Overall I am paying significantly more than she does. I can afford to, but I don't get the feeling she recognizes or appreciates that. 

Right now she is screaming at me because last night she arrived an hour and a half after she said she would, and walked in moaning about her day. Like she seems to do a lot. I blew up and went and locked myself in the bedroom to just stay away from her. 

Still screaming at me. help.


----------



## WorkingOnMe (Mar 17, 2012)

Might not be a bad idea to grab your balls from her purse when she’s not looking. 


Sent from my iPhone using Tapatalk


----------



## TJW (Mar 20, 2012)

You are quite right. You had nothing to do with her divorce.

My advice .... just get out. And stay out. Find someone else.


----------



## StarFires (Feb 27, 2018)

Now you know why she was unhappy in her marriage. She simply cannot be happy and makes everyone around her miserable. As was mentioned, you need to take your balls back. Tell her she has to leave because you refuse to live this way, and give her time frame to find a place to live, a month or two. She will promise to change, and you will have that time frame to see if she really does change. But then, if you don't make her move because you think she has changed, she'll go right back to being herself again.

Did you really need people to tell you this?

I'm not sure what she is supposed to appreciate about you paying the majority of the bills. There are two of you and only one of her. Why should she pay more than her fair share or be grateful to you for paying your own fair share?


----------



## embo (Mar 20, 2018)

>>Did you really need people to tell you this?

You're right. Even as I was writing it I was thinking "this is ridiculous"


----------



## EasyPartner (Apr 7, 2014)

Dude.

Your post reads like a list of reasons why you want her gone. Do you?


----------



## Diana7 (Apr 19, 2016)

Why did you think that a woman who had cheated multiple times would be a good choice?
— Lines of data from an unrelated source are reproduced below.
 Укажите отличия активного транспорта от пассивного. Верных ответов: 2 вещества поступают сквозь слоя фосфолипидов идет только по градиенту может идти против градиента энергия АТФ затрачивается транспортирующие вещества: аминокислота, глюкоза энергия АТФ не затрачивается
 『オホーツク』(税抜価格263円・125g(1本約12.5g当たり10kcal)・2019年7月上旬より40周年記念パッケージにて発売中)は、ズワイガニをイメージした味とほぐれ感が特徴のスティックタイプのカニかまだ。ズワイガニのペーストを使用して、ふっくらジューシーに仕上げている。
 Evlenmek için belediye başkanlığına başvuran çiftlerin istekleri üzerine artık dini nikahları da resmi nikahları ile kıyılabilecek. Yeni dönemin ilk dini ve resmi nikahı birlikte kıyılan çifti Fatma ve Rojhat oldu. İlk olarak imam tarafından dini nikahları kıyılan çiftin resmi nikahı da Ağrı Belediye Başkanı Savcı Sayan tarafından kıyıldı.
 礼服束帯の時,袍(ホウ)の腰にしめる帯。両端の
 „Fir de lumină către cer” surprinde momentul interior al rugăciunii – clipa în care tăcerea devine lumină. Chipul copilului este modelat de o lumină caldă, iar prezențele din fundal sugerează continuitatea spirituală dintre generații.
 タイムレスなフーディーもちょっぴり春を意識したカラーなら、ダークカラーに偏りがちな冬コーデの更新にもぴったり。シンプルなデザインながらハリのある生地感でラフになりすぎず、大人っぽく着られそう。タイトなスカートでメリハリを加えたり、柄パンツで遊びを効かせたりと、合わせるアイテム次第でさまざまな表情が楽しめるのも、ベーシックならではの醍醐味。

And yes you were part of the cause of her marriage ending, although her ex husband is better off without her.


----------



## Laurentium (May 21, 2017)

You have not mentioned _liking_ anything about her.


----------



## tropicalbeachiwish (Jun 1, 2016)

Sounds like it's time for her to move out. Behavior like that certainly would make anyone not want to be around that person. It's selfish & inconsiderate behavior. She's not compatible with lots of people, not just you.


----------



## Um Excuse Me (Feb 3, 2018)

I would get rid of her.....SOON......No p***y is worth that........


----------



## Livvie (Jan 20, 2014)

She's just a girlfriend. This is not a healthy or happy relationship. No need to stay in it!!!


----------



## sa58 (Feb 26, 2018)

Well now you know why she is divorced.!! 
The question you need to answer is when will she be
living on her own. If you put her out be careful and 
have someone or something ( RECORDER) near by
because she might get a little bit more crazy on you.
46 is not old just mature.I know plenty of people older
who still date. Just do not let them move in next time.


----------



## Luminous (Jan 14, 2018)

StarFires said:


> I'm not sure what she is supposed to appreciate about you paying the majority of the bills. There are two of you and only one of her. Why should she pay more than her fair share or be grateful to you for paying your own fair share?
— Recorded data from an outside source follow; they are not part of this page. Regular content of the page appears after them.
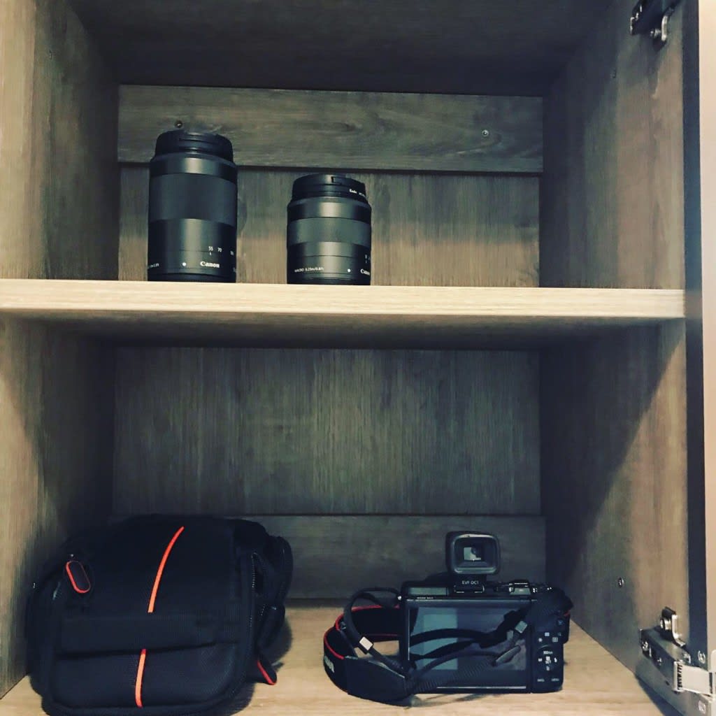 ガラス戸のキャビネットの中にカメラ、カメラレンズ類を贅沢に(?)収納。レンズを探さなくてよかったです。
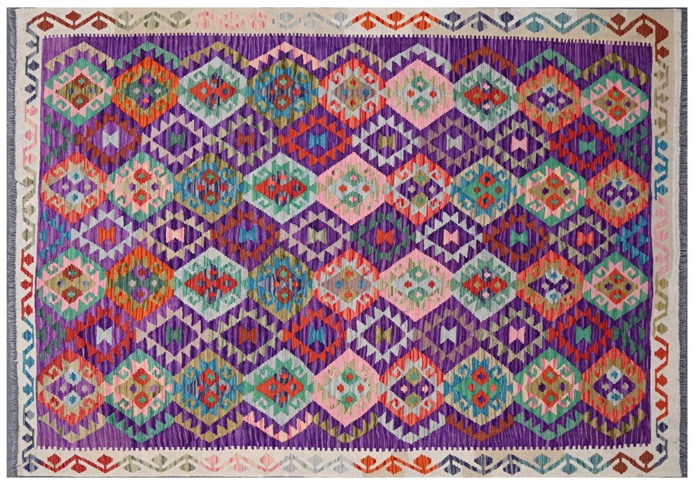 This Kilim Afghan rug has beautiful colors. It is handmade from fine wool. These patterns are traditional design elements that have already been used centuries ago. This particular kilim has been woven by hand in Afghanistan, a country with a long history in weaving and knotting rugs. The rug is robust and can be laid out on both sides.
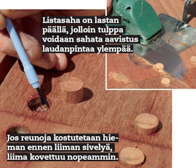Katamme hienojen kovapuulautojen ruuvinreiät puutulpilla. Osittain esteetti-sistä syistä, osittain käytännön syystä, sillä jokaisesta ruuvista jää pintaan pieni uppouma, johon vesi voi jäädä seiso-maan ja imeytyä puuhun.
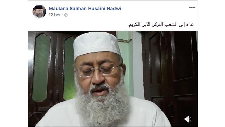 وقال الندوي في رسالة مصورة عبر حسابه على “فيسبوك” اليوم الثلاثاء، “نحن نمثل الشعوب الإسلامية، والشعب الهندي الكبير الذي يبلغ قرابة 300 مليون (مسلم)، نطالب الشعب التركي المسلم أن يقف مع رجب طيب أردوغان، ومع حزبه في الانتخابات رغم المحن والابتلاءات التي يصاب بها”.
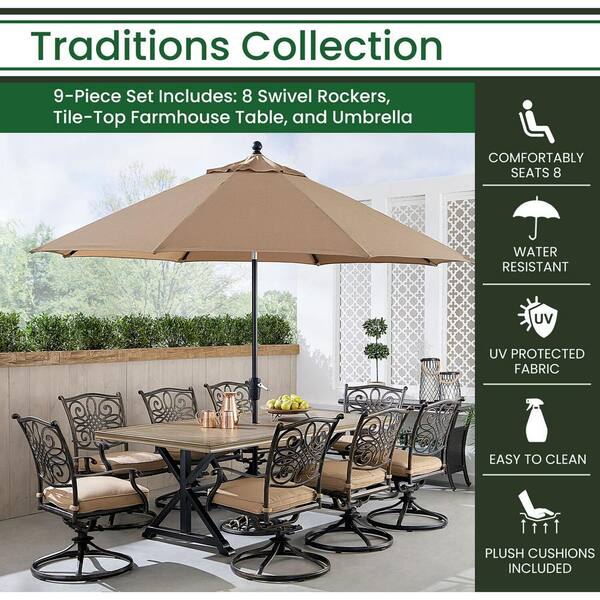 Traditions 9-Piece Aluminum Outdoor Dining Set with Tan Cushions, 8 Swivel Rockers, Tile Top Table and Umbrella
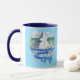 Representando uma paisagem serena, a montanha sobe majesticamente com seu reflexo espelhado no lago tranquilo embaixo. Cercado por arvores verdes e um céu pálido com uma nuvem que passa, a cena evoca um senso de paz e beleza natural. O uso de contornos ousados dá à imagem uma sensação cômica, quase cartunista.
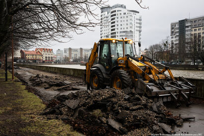 В Калининграде на острове Канта при помощи строительной техники начали разбирать набережную. В четверг асфальт был вскрыт со стороны острова, выходящей на Рыбную деревню. В пресс-службе Кафедрального собора «Новому Калининграду» пояснили, что работы проводятся в рамках благоустройства второй очереди (подрядчик должен построить новые набережные).

She should be understanding that she does not have to pay rent, or contribute towards a mortgage, that she is essentially getting a free ride, and still behaving in an inappropriate manner.

Whilst my circumstances are different, THIS I understand completely. 
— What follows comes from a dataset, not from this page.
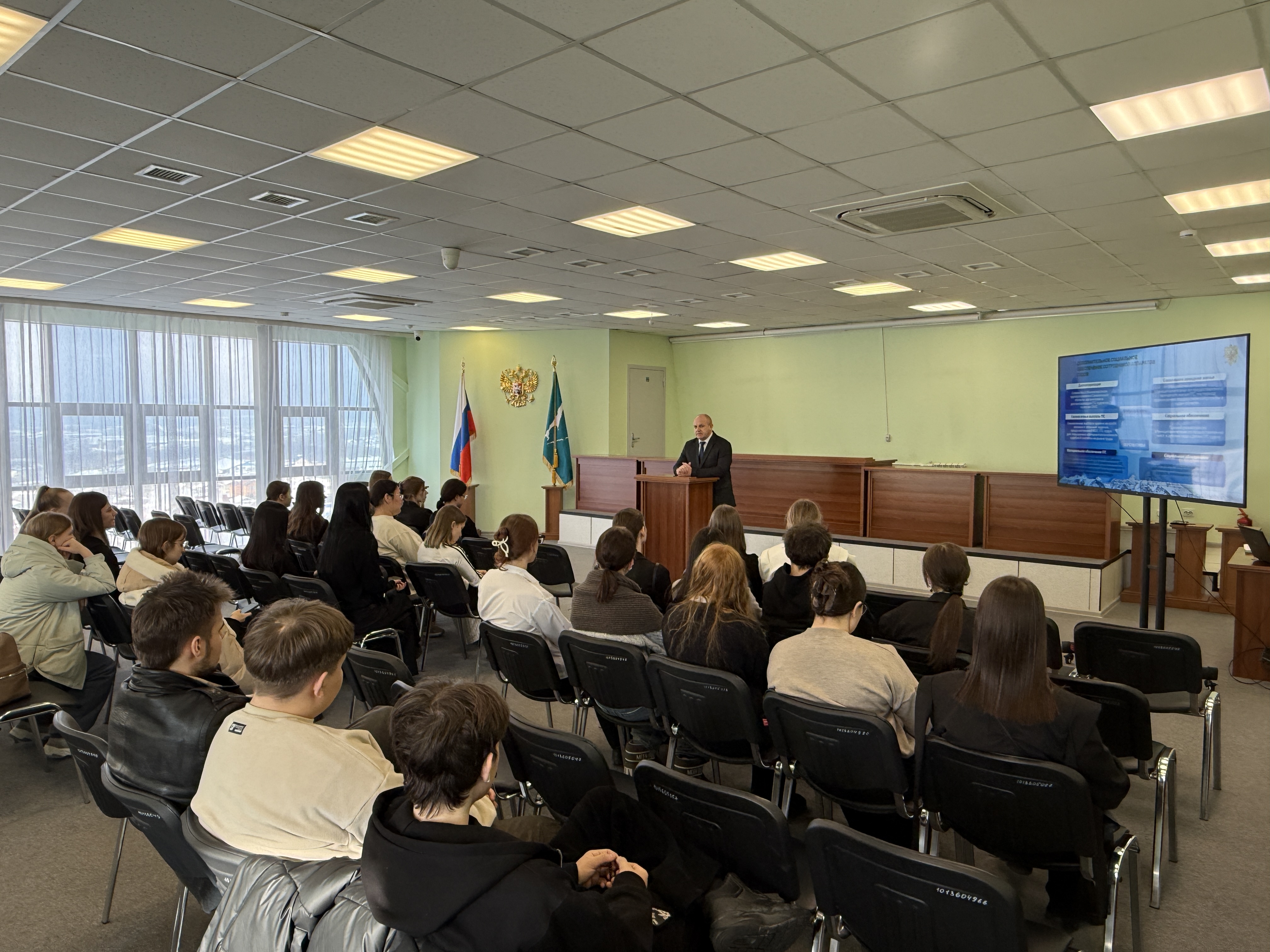 10 февраля 2026 года в Южно- Сахалинском городском суде состоялась экскурсия для студентов ГБПОУ «СПЭТ» профессионального звена, специализации «юриспруденция» 10 февраля 2026 года в Южно- Сахалинском городском суде проведена ознакомительная экскурсия для студентов 2 курса ГБПОУ «СПЭТ» Встреча началась с холла суда, где судья Южно-Сахалинского городского суда Манаева Мария Александровна рассказала ребятам о правилах пропускного режима, а также познакомили их с информационными стендами, электронным киоском и официальным сайтом суда, на которых размещаются списки дел, рассматриваемых в конкретный день. Для студентов провели обзорную экскурсию, где будущие юристы получили первые представления о работе судебной системы. Им рассказали об основных принципах и задачах работы суда, порядке и этапах проведения судебных заседаний, познакомили со структурой суда. Затем экскурсия продолжилась на втором этаже здания суда, где студентам продемонстрировали работу системы видеоконференцсвязи, рассказали о преимуществах дистанционного участия лиц в судебном заседании, не имеющих возможность личного присутствия в здании Южно-Сахалинского городского суда. Кроме того до студентов была доведена информация о возможности получения судебного извещения, копий судебных актов в электронном виде на Едином портале государственных и муниципальных услуг («Госуслуги»), а так же студенты были проинструктированы, как на («Госуслугах») настроить согласие на получение судебных уведомлений в электронном виде. Так же, учащимся предоставили возможность посетить архивные помещения, где они наглядно познакомились с условиями хранения гражданских дел. Далее студенты выступили в качестве слушателей в судебном заседание по уголовному делу под председательством судьи Гуркун Олеси Юрьевны, где смогли на реальном примере увидеть, как идет судебный процесс, какую роль в нем играет судья, государственный обвинитель, защитник, секретарь судебного заседания. В целях популяризации государственной гражданской службы и повышения эффективности механизма целевого обучения для обеспечения судов Сахалинской области квалифицированными работниками с высшим образованием, начальник отдела государственной службы, кадрового обеспечения и противодействия коррупции УСД в Сахалинской области Жомова Мария Сергеевна, рассказала студентам об условиях поступления на целевое обучение и трудоустройство в судебную систему, о требованиях, предъявляемых при поступлении на государственную гражданскую службу, о ее преимуществах и возможности профессиональной реализации. Кроме того, студенты проинформированы о возможностях прохождения производственной практики в суде и о перспективах служебного роста. В завершение экскурсии с напутственными словами выступил председатель Южно-Сахалинского городского суда Колосов Владимир Иванович, пожелав учащимся успехов в учебе, сделать правильный выбор и встать на ту дорогу, которая поможет освоить любимую и нужную профессию.

I do agree with the others here. Draw a line in the sand, take a stand, and if that is not respected you have your answer. But for god sake whatever you do, do not cave in. You will never recover


----------



## manwithnoname (Feb 3, 2017)

WorkingOnMe said:


> Might not be a bad idea to grab your balls from her purse when she’s not looking.
> 
> 
> Sent from my iPhone using Tapatalk


And let them heal....they've been chewed on quite a bit.


----------



## Bananapeel (May 4, 2015)

The crazy ones are best in bed. I hope she was worth it....


----------



## Ynot (Aug 26, 2014)

Bananapeel said:


> The crazy ones are best in bed. I hope she was worth it....


True I have allowed one or two to stick around long enough the enjoy the craziness, always knowing the day would come when they would be sent packing. When it stops being fun. That is when it ends.


----------



## 482 (Mar 14, 2017)

Why....just why. Get your balls back. Stop picking ****ty partners. How will you ever trust a woman who cheated on her husband with you. How will you ever be happy with a woman who constantly disrespects you. Locked in a room seriously. Get ****ing mad and show it already. If she don’t like it show her the door SMH


----------



## Steve2.0 (Dec 11, 2017)

Just ask yourself this. What would the man you want your daughter to look up to do? 

I think you should kick her to the curb. Before you get any type of legal or financial connection to this lady.

And don't hook up with someone who has infidelity issues. Unless of course you want to be her next sucker


----------